Russia is now distributing guarantees and bandages. These are the gifts of the
Tsar who grabbed the strings of the game and those of the solution. Israel has
received the gift of reviving the disengagement agreement between the Syrian and
Israeli armies, accompanied by a Russian promise to remove Iranian militias from
Israel’s border. This means that the Syrian areas adjacent to the occupied Golan
Heights will not be a threat to the Jewish state. This particular point may be
one of the main reasons that facilitated the Helsinki Summit. Before that,
Israel received another gift from Putin, who practically gave it the right to
attack Iran’s positions and militias, despite the Russian umbrella over Syria.
Turkey also received a gift from the Tsar.

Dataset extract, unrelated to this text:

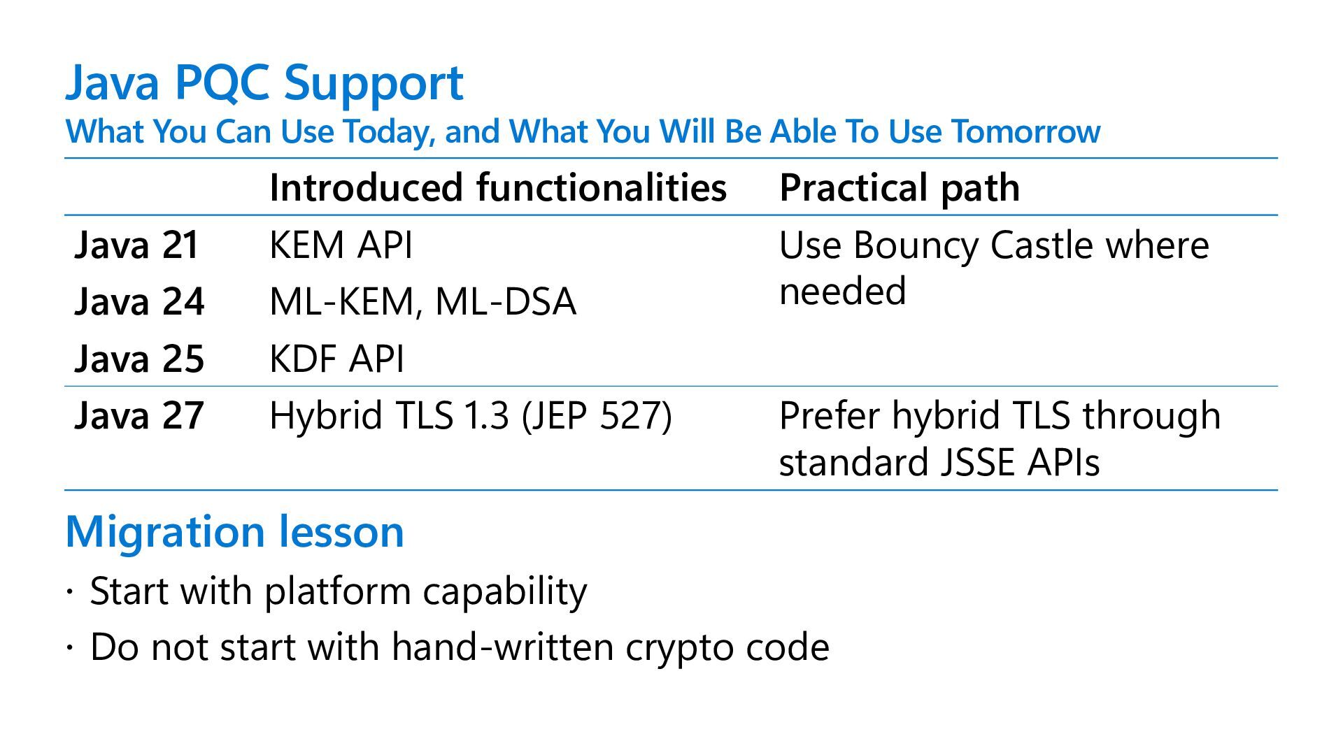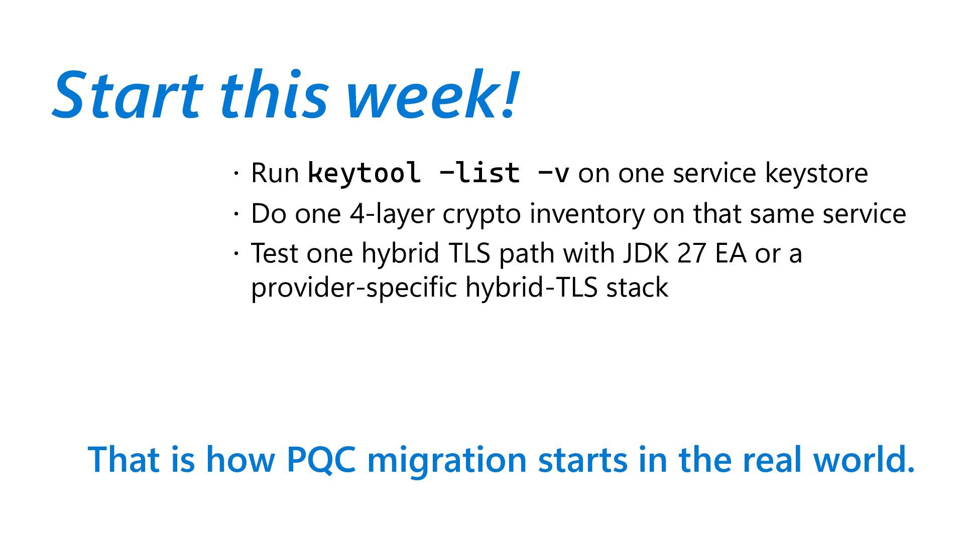 service keystore ž Do one 4-layer crypto inventory on that same service ž Test one hybrid TLS path with JDK 27 EA or a provider-specific hybrid-TLS stack That is how PQC migration starts in the real world.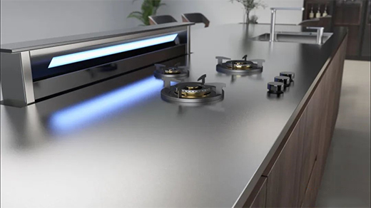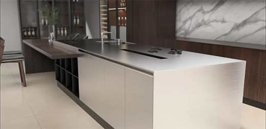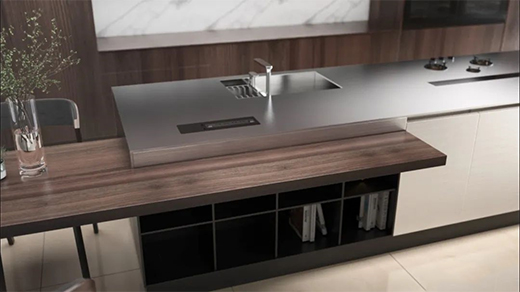转身便是超长岛台,高低错落,台面、水槽、燃气装置集成一体,无缝对接;电动翻转插座、电动升降烟机隐藏其中,将极简风格发挥的淋漓尽致。

He allowed it to prevent the
establishment of a Kurdish “territory” on its border when it launched the
“Euphrates Shield” in Jarablus and Al-Bab. He also allowed it to eliminate the
dream of the Syrian Kurds to reach the Mediterranean through the “Olive Branch”
operation, which was launched by the Turkish army in Afrin. Turkey can get an
extra gift if Russia succeeds in returning some of the Syrians who have taken
refuge in this country.
The official Lebanese delight was evident when Russia announced it would support
the return of hundreds of thousands of displaced Syrians living in Lebanon. The
same could be said of Jordan, whose economy has been further burdened by
refugees.
Iran itself received a great gift from the Tsar, when his forces’ intervention
in Syria prevented the fall of the Syrian circle from the “crescent” that its
generals boast of.
The fall of the Syrian episode would have been a resounding defeat for the
policies of Khamenei and the IRGC generals, because the interruption of Iranian
ground contact with “Hezbollah” is not simple. Since the Tsar is not a charity
organization, Iran is expected to respond with flexibility to Israel’s security
file.
Getting away from the Golan is something, and getting out of Syria is another
matter. This game is complex and will see a contest to attract the Syrian
regime, which has received a precious gift from the Tsar that kept it alive.
Iran’s adversaries also received a gift from the Tsar, which was the belief that
Russia’s Syria had prevented the establishment of an Iranian Syria.
The Tsar is handling the Syrian refugee file as a gift that could draw Europe
into participating in the reconstruction of Syria, even if it was on the basisof
providing the adequate conditions for the return of as many refugees as
possible. This matter is important to Europe and even tempts it. The Old
Continent suffers from the burdens of the refugee file and is divided around it.
Russia’s promise on the return of Syrian refugees to their country will reduce
the number of boat arrivals. The European contribution, if achieved, will lead
to a kind of system rehabilitation.
America itself may have received a gift from the Tsar. Ensuring Israel’s
security through the Syrian front and preventing an Iranian military presence
off the Golan parallel to the presence of “Hezbollah” in South Lebanon.
The head chef in the Kremlin has succeeded in finding the right recipe for
Syria. He reserved his role and his seat and made himself a need and a
guarantee. With the Tsar’s gifts distribution season, the Syrian crisis enters a
new phase that is completely different from the previous one.